Dan the Beginner said:


> Sounds interesting. It's something I would like to do.
> 
> Anything about the objective, vision or why you are doing this that you can share for now?


It's something I have wanted to make for maybe 30 years but only now feel I have the tools, materials and experience to try it. It's probably the last puzzle making ambition from that era I haven't achieved. The premiere starts in a few minutes.


----------



## abunickabhi (Aug 14, 2021)

Tony Fisher said:


> Over the coming weeks I will be posting photos, videos and information on my new puzzle project. It all starts on Saturday 14th August with a YouTube premiere where I reveal the project and show the start of design and construction. A premiere means it is displayed similar to a livestream so you can't skip forward and there's live chat which I will take part in. The time is 6pm BST / 1pm Eastern Daylight Time / 7pm Central European Time and it can be bookmarked in advance or you can set a reminder -
> 
> 
> 
> The video is now public and as you can see it's about the design and making of the first pawn for my chess set project. This is something I have wanted to do for many years.

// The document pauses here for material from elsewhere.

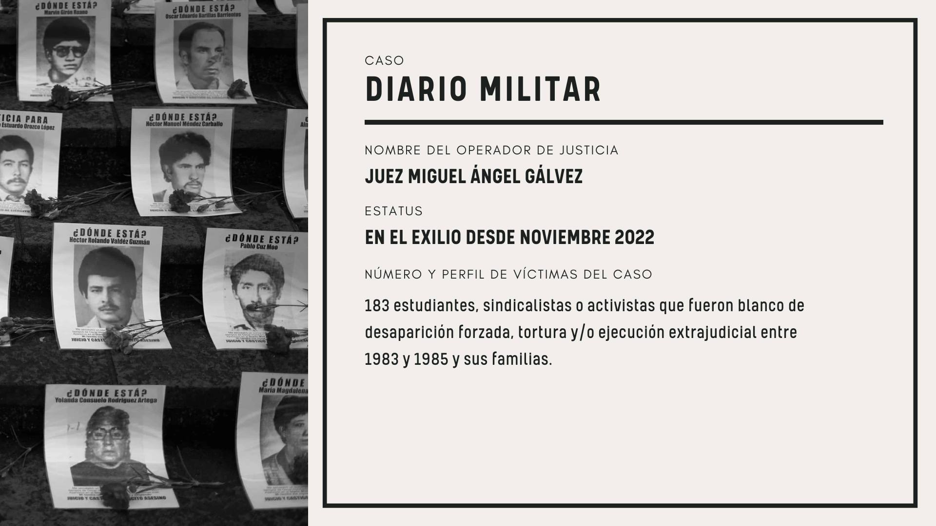 Desde entonces, la Fundación ha solicitado el retiro de la inmunidad a varios fiscales y jueces que llevaban casos de corrupción que fueron abiertos por la Comisión Internacional Contra la Impunidad en Guatemala (CICIG, 2007-2019), como lo hizo con la exfiscal de la Fiscalía Especial Contra la Impunidad (FECI), Virginia Laparra, o el juez Carlos Ruano; o quienes, como Gálvez, llevaban procesos contra exmilitares acusados de crímenes de lesa humanidad y graves violaciones a los derechos humanos.Como titular del juzgado de Mayor Riesgo B, Gálvez envió a juicio a Ríos Montt, condenado por genocidio en 2013, y ordenó en 2015 el proecesamiento por corrupción del expresidente Otto Pérez Molina y la exvicepresidenta Roxana Baldetti. Para el 15 de noviembre de 2022, el juez había denunciado que se violentó el proceso del Diario Militar, había salido del país y anunciado su renuncia. Desde el exilio, el exjuez dijo al periódico digital El Faro que se están desmontando todos los procesos que él llevaba, incluyendo el Diario Militar, y se está arriesgando a los sobrevivientes y testigos con las medidas sustitutivas otorgadas a los militares procesados. Gálvez sostuvo que con este caso entendió que Guatemala está diseñada para la impunidad.

Really love the project idea. Making 32 pieces that are also functional twisty puzzles is something very novel. Super impressed since 2014 (I did not know the world of twisty puzzles before that), and super duper impressed now with the cubingchess project.


----------



## Dan the Beginner (Aug 14, 2021)

Very interesting!!!


----------



## qwr (Aug 15, 2021)

There was a recent huge chess wave on youtube due to lockdowns, Queen's Gambit on netflix, and people like Hikaru and GothamChess. So good timing


----------



## Tony Fisher (Aug 15, 2021)

qwr said:


> There was a recent huge chess wave on youtube due to lockdowns, Queen's Gambit on netflix, and people like Hikaru and GothamChess. So good timing


I was well into the project when Queen's Gambit came out so I was actually watching it while working on my set. It certainly added to my enthusiasm.


----------



## LBr (Aug 15, 2021)

LBr said:


> Sponsored by the Taiwanese Puzzle Corporation


----------



## Christopher Mowla (Aug 15, 2021)

Tony Fisher said:


> It's something I have wanted to make for maybe 30 years but only now feel I have the tools, materials and experience to try it. It's probably the last puzzle making ambition from that era I haven't achieved. The premiere starts in a few minutes.


Sounds like something James Cameron would say . . . waiting for (or letting enough time to pass to accumulate enough financing to research and produce) technology that's advanced enough to bring his 20 something year old screenplays to life!


----------



## Tony Fisher (Aug 22, 2021)

The second video is up.


----------



## qwr (Aug 22, 2021)

According to this informative video, the knight is the hardest piece to produce when hand carving 






I wonder if the shape for casting is difficult


----------



## SenorJuan (Aug 22, 2021)

A good video, Tony, thank you. As an engineer, I found your presentation of the complete process from design through to finished item enjoyable and thought-provoking.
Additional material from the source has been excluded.